▸ Task details
Give the lines below again, exactly as they stand, and leave out the images.

▸ Data provided
# # #
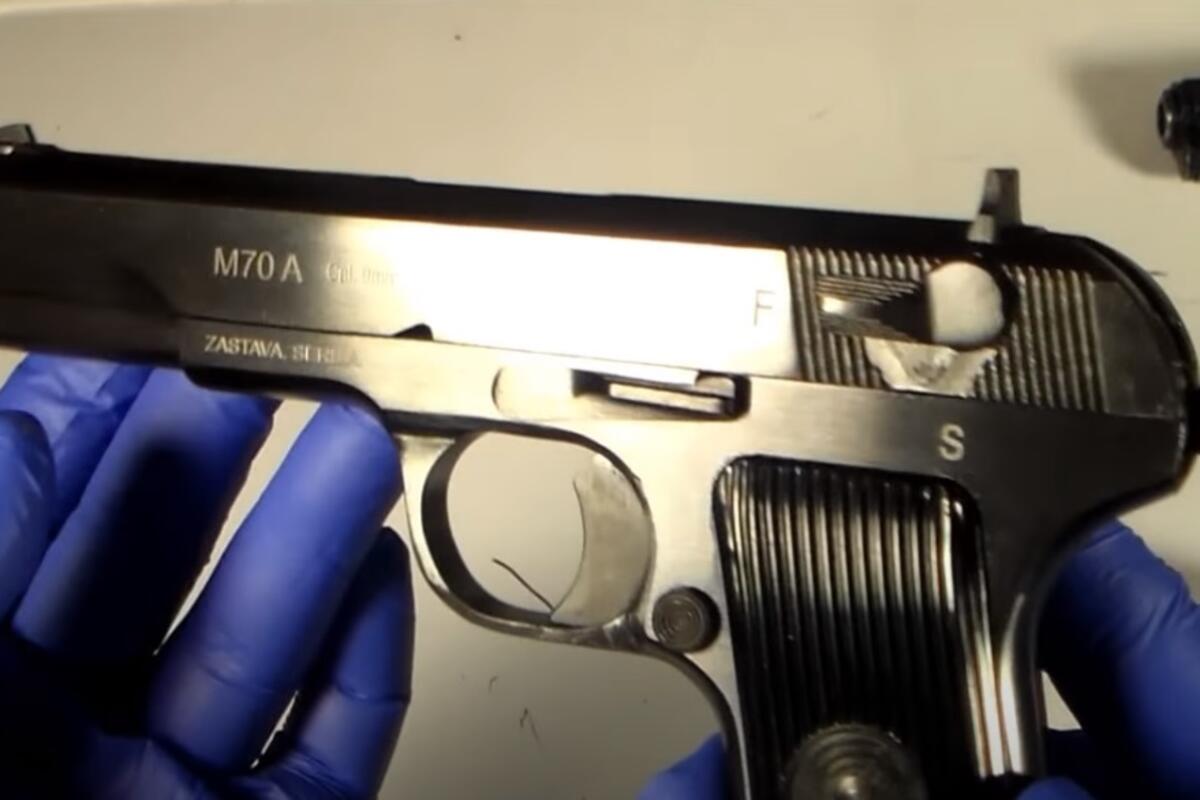 U saopštenju se dodaje da je pregledom osoba i vozila kod suvozača S.M pronađen pištolj marke Zastava Arms model M70A 9 mm Luger, sa okvirom i šest komada municije, kao i lovački nož.
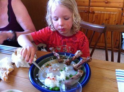 Sedan bar det av för att äta mat. Ossian åt sex lycklingklubbor.
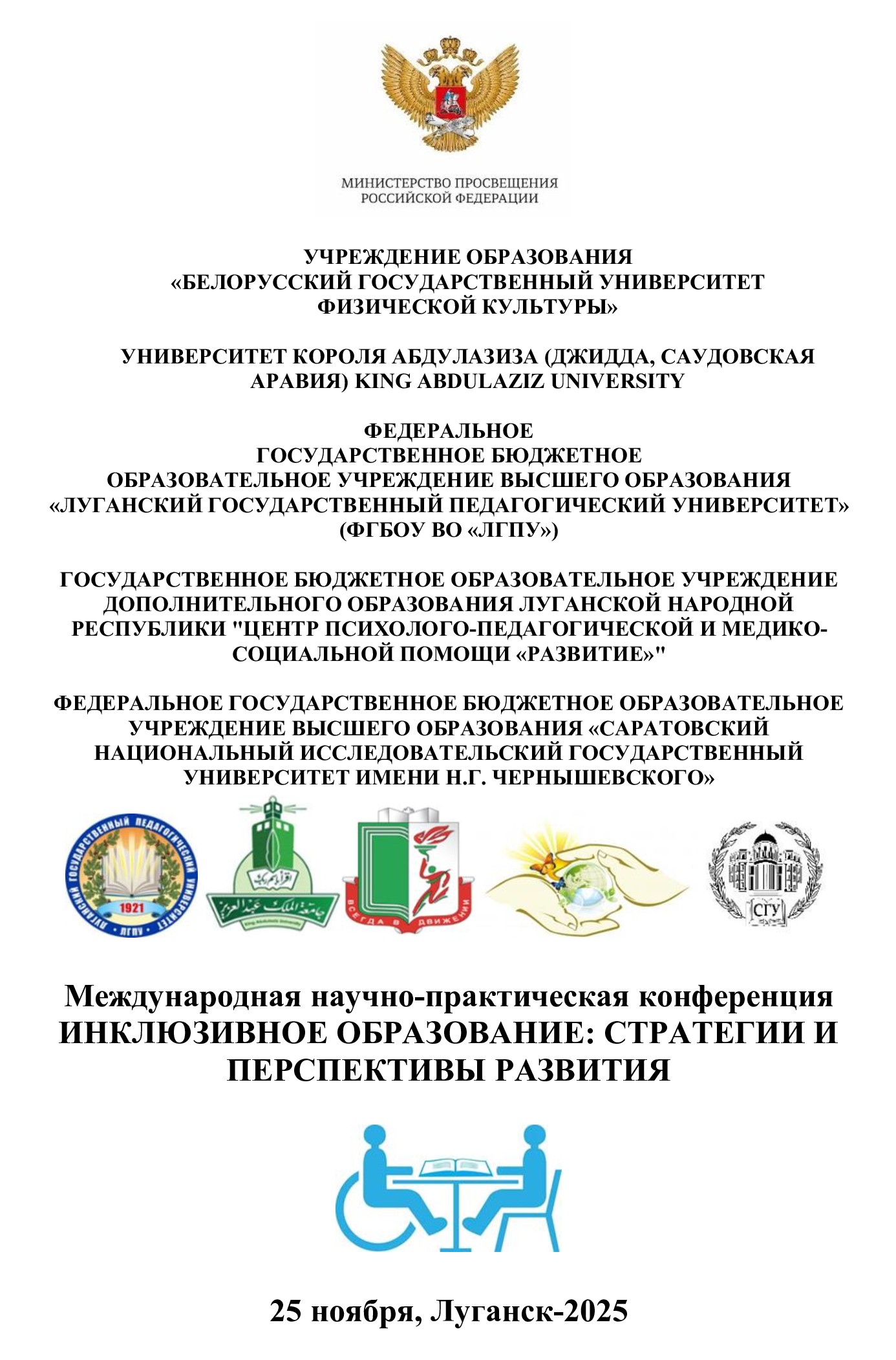 Конференция прошла в рамках реализации научно-исследовательской работы по государственному заданию Министерства просвещения Российской Федерации на 2025 год на тему «Проектирование индивидуальных образовательных маршрутов студентов с ОВЗ в формирующемся образовательном пространстве Луганской Народной Республики». Смешанный формат конференции объединил более 150 участников – учёных, педагогов, психологов, социальных работников и представителей органов власти из России, Беларуси, Узбекистана и Саудовской Аравии. В рамках работы пяти основных тематических секций были обсуждены актуальные вопросы подготовки кадров, социальной интеграции, инклюзивных педагогических условий, цифровых технологий и образования на протяжении всей жизни человека.
# # #
▸ Expected answer
 U saopštenju se dodaje da je pregledom osoba i vozila kod suvozača S.M pronađen pištolj marke Zastava Arms model M70A 9 mm Luger, sa okvirom i šest komada municije, kao i lovački nož.
 Sedan bar det av för att äta mat. Ossian åt sex lycklingklubbor.
 Конференция прошла в рамках реализации научно-исследовательской работы по государственному заданию Министерства просвещения Российской Федерации на 2025 год на тему «Проектирование индивидуальных образовательных маршрутов студентов с ОВЗ в формирующемся образовательном пространстве Луганской Народной Республики». Смешанный формат конференции объединил более 150 участников – учёных, педагогов, психологов, социальных работников и представителей органов власти из России, Беларуси, Узбекистана и Саудовской Аравии. В рамках работы пяти основных тематических секций были обсуждены актуальные вопросы подготовки кадров, социальной интеграции, инклюзивных педагогических условий, цифровых технологий и образования на протяжении всей жизни человека.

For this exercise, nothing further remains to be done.